In “Born to Move,” we see the Christmas Island red crabs.These are huge, spooky-looking crustaceans, not the sort one coos over. Without ever stooping to anthropomorphism — no crabs sing — the segment makes you ache for their plight when yellow crazy ants (their real name) attack.The ants blind the crabs, then eat them. It’s a sickening part of each crab migration.

This particular migration was a dream realized for Hamlin, who as a boy, read about these crabs in National Geographic.

“It captivated me,” he says, “and to share that story — I never had the chance to fulfill it until this project came along.”

Hamlin spent the past three years on this project. It’s so mesmerizing that it pulls in everyone associated with it. Bouncing along in the back seat of a jeep when the animals cross the river is Steve Burns.The soft-spoken executive vice president of content for National Geographic Channel just shakes his head in disbelief.“I never thought I would get to see this,” he says.

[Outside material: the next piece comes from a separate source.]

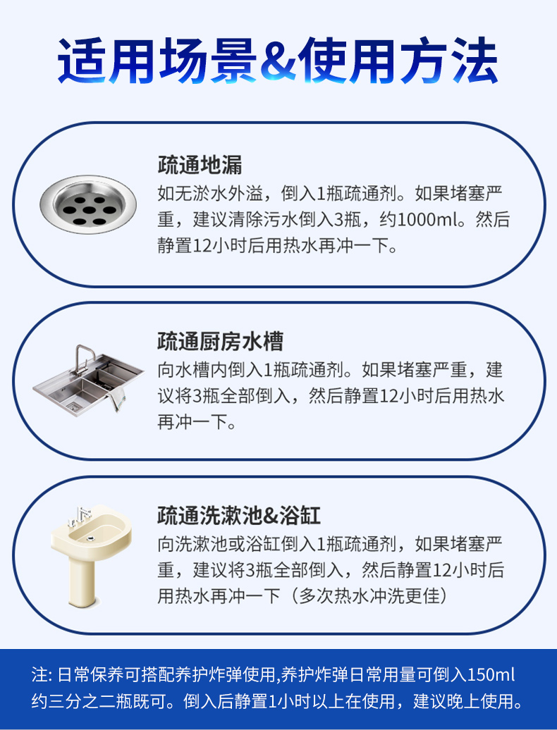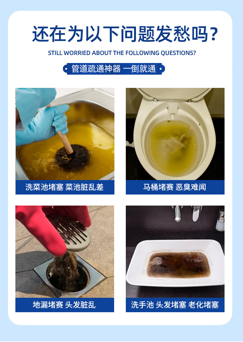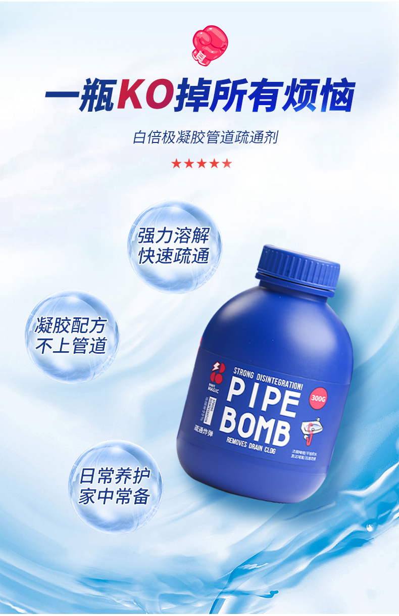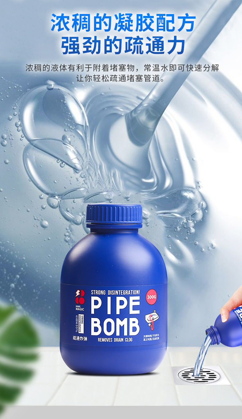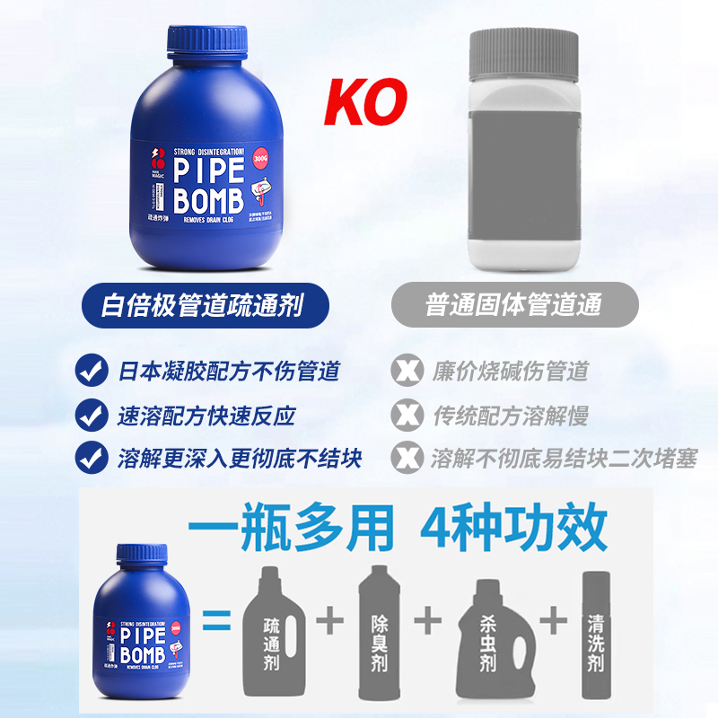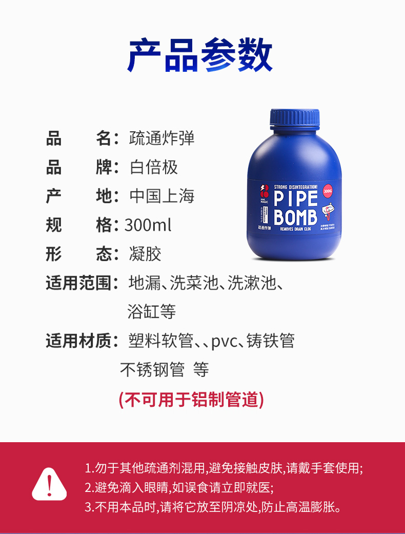 【一瓶多用 白倍极管道疏通剂】日本凝胶配方不伤管道快速反应深入溶解不结块 马桶地漏洗脸洗菜池无压力疏通除臭去味养护管道无异味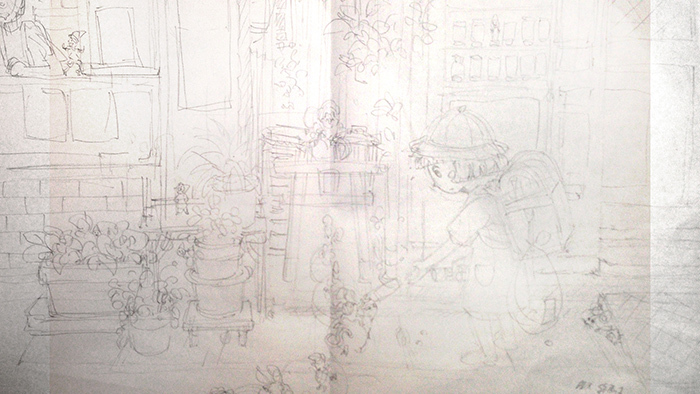この絵では、主人公の女の子と、小人たちを目立たせるために、周りのものと比べて、色の塗り方を変えるという計画を立てました。

It was his idea to tell the story of migrations.

“I just knew migrations offered a terrific opportunity for life-and-death stories,” Burns says.

“They made it great,” he says, gesturing toward the filmmakers and the animals.

The first night features “Born to Move” and “Need to Breed,” showing what lengths creatures will go to keep the species going.

“Science of Great Migrations” premieres Tuesday, Nov. 9, explaining how scientists gleaned the data, including harnessing a teeny camera on a butterfly, affording a fascinating point of view.

In “Feast or Famine” on Nov. 14, elephants trek hundreds of miles for water in landlocked Mali, and great white sharks swim from Hawaii to Mexico for food.Then “Race to Survive” follows, with zebras in Botswana shown from above. Dereck and his partner, Beverly Joubert, captured exquisite aerial shots using military equipment.

That night also offers “Behind the Scenes,” revealing how photographers dangle off 400-foot cliffs to get shots. On Nov. 20, “Rhythm of Life” features footage set to original music.

Hamlin’s hope for the series is, “When people turn off the TV and put their head down on the pillow and they will think that as I sleep tonight, the planet is churning with life.There are unbelievable journeys being taken.”

Journeys critical to sustaining life.

“I keep getting the sense that these migrations keep the world turning around,” Joubert says.“And without them, the world will collapse.”